I've grown up a lot, and, though I still enjoyed A Princess of Mars as swashbuckling daring, I found it disappointing Science Fiction compared to others that I have read.

I think that Burroughs missed many opportunities to flesh out the different Martian cultures -- for example, Green Martians have another set of limbs between the legs and the arms: how does this affect their fighting style, what sort of weapons would they make to accommodate the limbs, etc...

Red Martians are portrayed as the more civilized of the two, yet even the Red Martians are quite war like. I think it would have been interesting if the races had been more 3d.

Asimov described science fiction as a reaction to superior technology -- I would also like to add that it is a reaction to the culture. However, John Carter doesn't really have to do that for two reasons:

1. In the case of the Green Martians, he is already their superior. Since they are a war like race (multi-limbed Spartans!), they value physical prowess. Since the gravity on Mars is lesser than gravity on earth, Carter can easily make 50 foot leaps. Since he is stronger, his blows also hit relatively stronger. There is no reaction to be had because they are beneath him in every way.

2. The Red Martians are very similar to humans: sure they lay eggs, but they have the same number of limbs as an earthling, have family units, create, study, and are, compared to the Green Martians, civilized. In fact, regarding families, Carter was of the opinion that the lack of a family unit among the Green Martians contributed to their war like ways.

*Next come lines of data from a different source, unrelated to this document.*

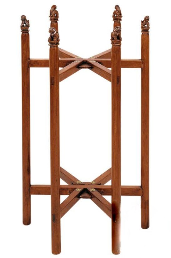 此例黄花梨六足折叠式矮面盆架,用圆材作腿足柱,顶端圆雕蹲狮,正面朝外,玲珑活泼。传世盆架柱顶一般刻莲纹,圆雕瑞兽甚罕见。六足中两足上下以横枨连接。其余四足则上下各安短材一段,一端开口打眼,用轴钉与嵌夹在上下二根横枨中间的木片穿铆在一起,以其为轴,四足因而可以折叠、便于收存。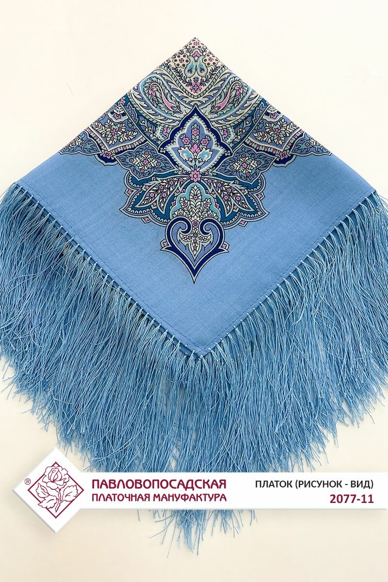 10 цен на Платок Павловопосадская платочная мануфактура для женщин,89х89 см, голубой/белый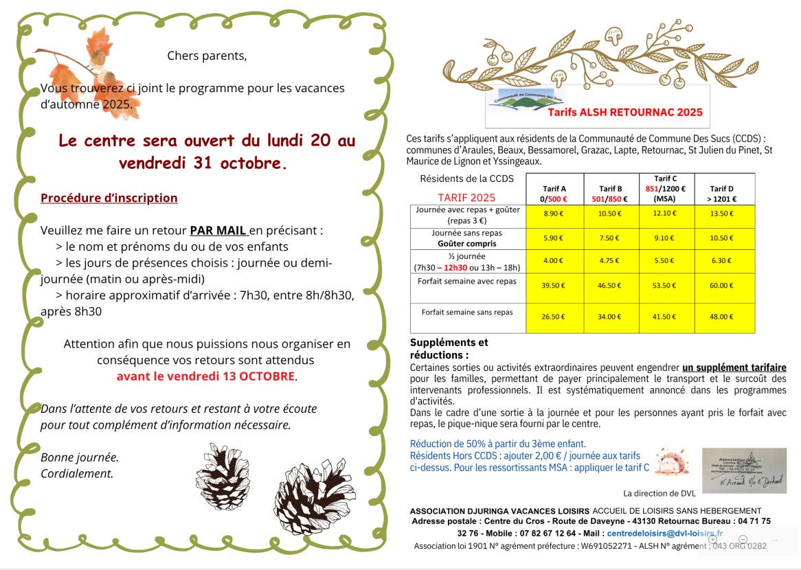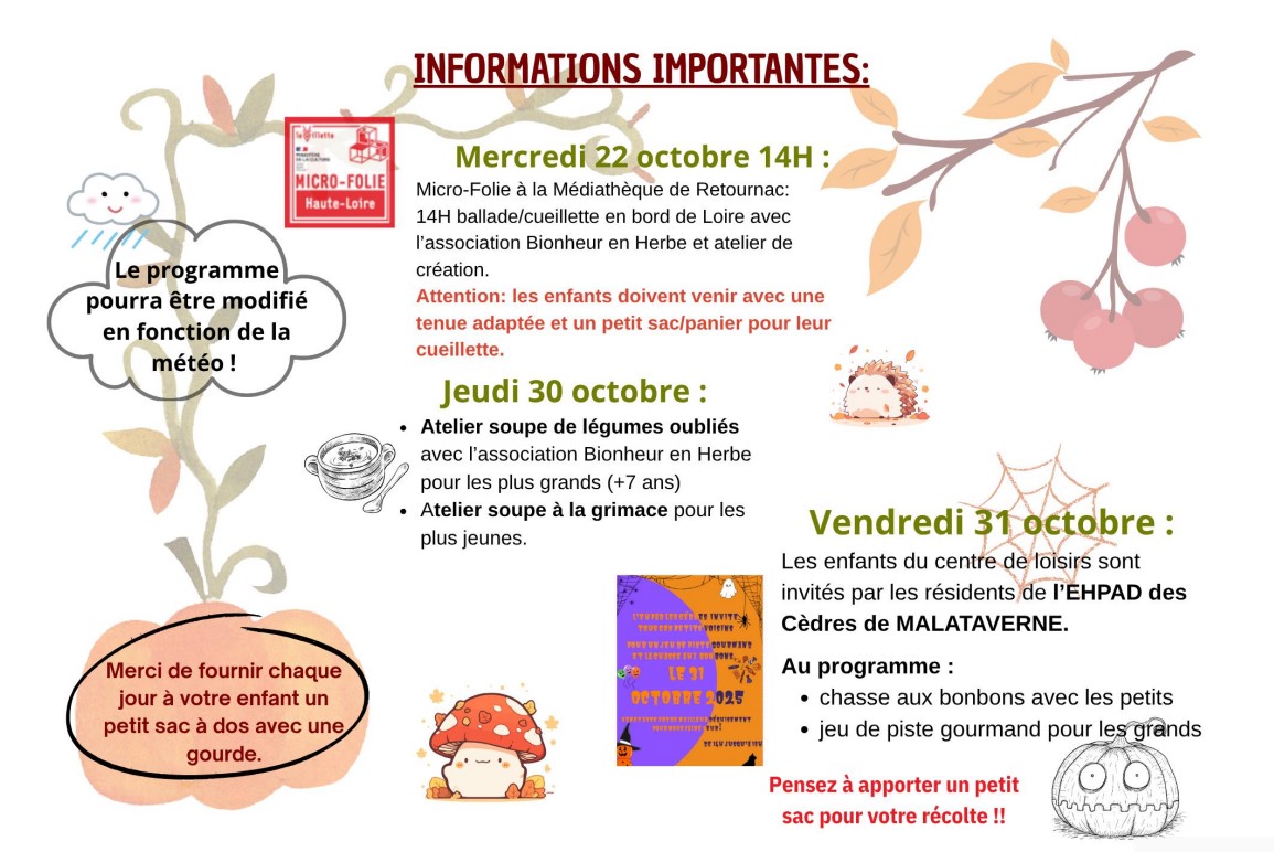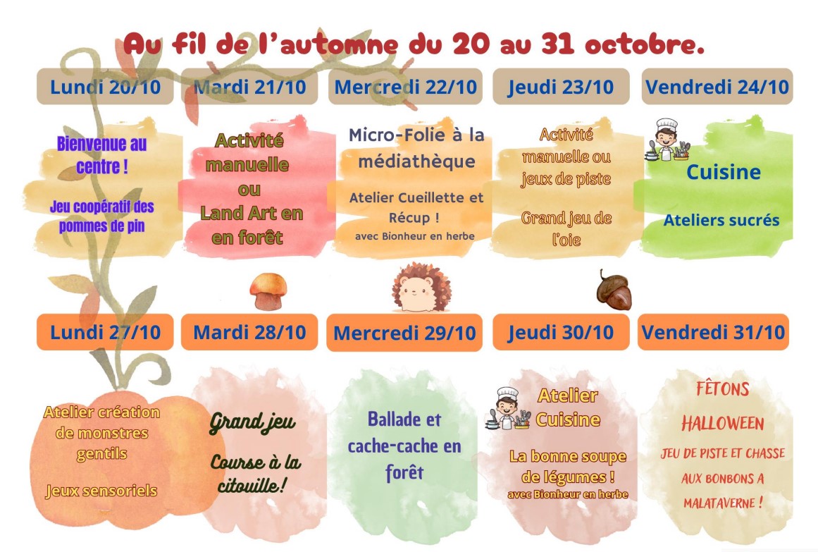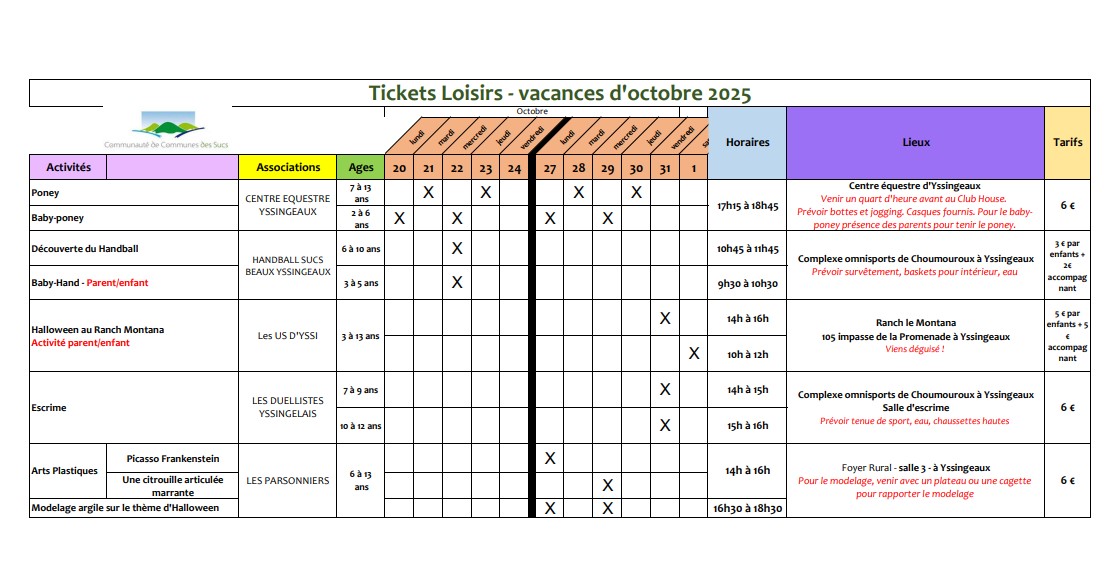 Comme chaque automne, pour les enfants de 2 à 15 ans, la Communauté de Communes des Sucs, en partenariat avec les associations du territoire, propose une multitude d’activités pendant les deux semaines des vacances scolaires.

In short, John Carter is not forced to question anything -- he embraces the Red Martian as being most familiar, affirming his own assumptions both on Earth and on Mars (which leaves its own implications regarding tradition, culture, that sort of thing). There is nothing that really causes him to pause and to question himself.

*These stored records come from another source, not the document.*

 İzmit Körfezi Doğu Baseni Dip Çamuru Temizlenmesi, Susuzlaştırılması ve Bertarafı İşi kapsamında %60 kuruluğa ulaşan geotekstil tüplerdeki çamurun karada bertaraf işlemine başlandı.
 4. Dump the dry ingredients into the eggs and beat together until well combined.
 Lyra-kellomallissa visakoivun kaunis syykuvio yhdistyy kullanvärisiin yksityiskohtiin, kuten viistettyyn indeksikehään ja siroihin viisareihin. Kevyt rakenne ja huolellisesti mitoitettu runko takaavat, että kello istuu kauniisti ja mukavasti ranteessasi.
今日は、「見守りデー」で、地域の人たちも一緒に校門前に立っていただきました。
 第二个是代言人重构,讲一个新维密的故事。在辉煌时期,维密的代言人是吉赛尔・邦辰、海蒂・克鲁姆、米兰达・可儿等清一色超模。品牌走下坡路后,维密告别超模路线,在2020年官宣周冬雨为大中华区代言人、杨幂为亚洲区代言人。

Compare to Heinlein's Stranger in a Strange Land where Martian philosophy was devoutly explored and how that related to Earthlings (water brothers to sex to poly-amorous relationships). Burroughs doesn't really use A Princess of Mars to explore social norms (whether different or earthly traditional), political thought (other than the obvious "savagery is bad" sort of thing), etc.

However, that said, I still enjoyed it as a pulp adventure story, just a bit deficient in the Science Fiction Exploration of the Soul department -- which, apparently shouldn't be such a surprise. According to Wikipedia (I know, I know), it's actually a Planetary Romance. *shrug* Who knew?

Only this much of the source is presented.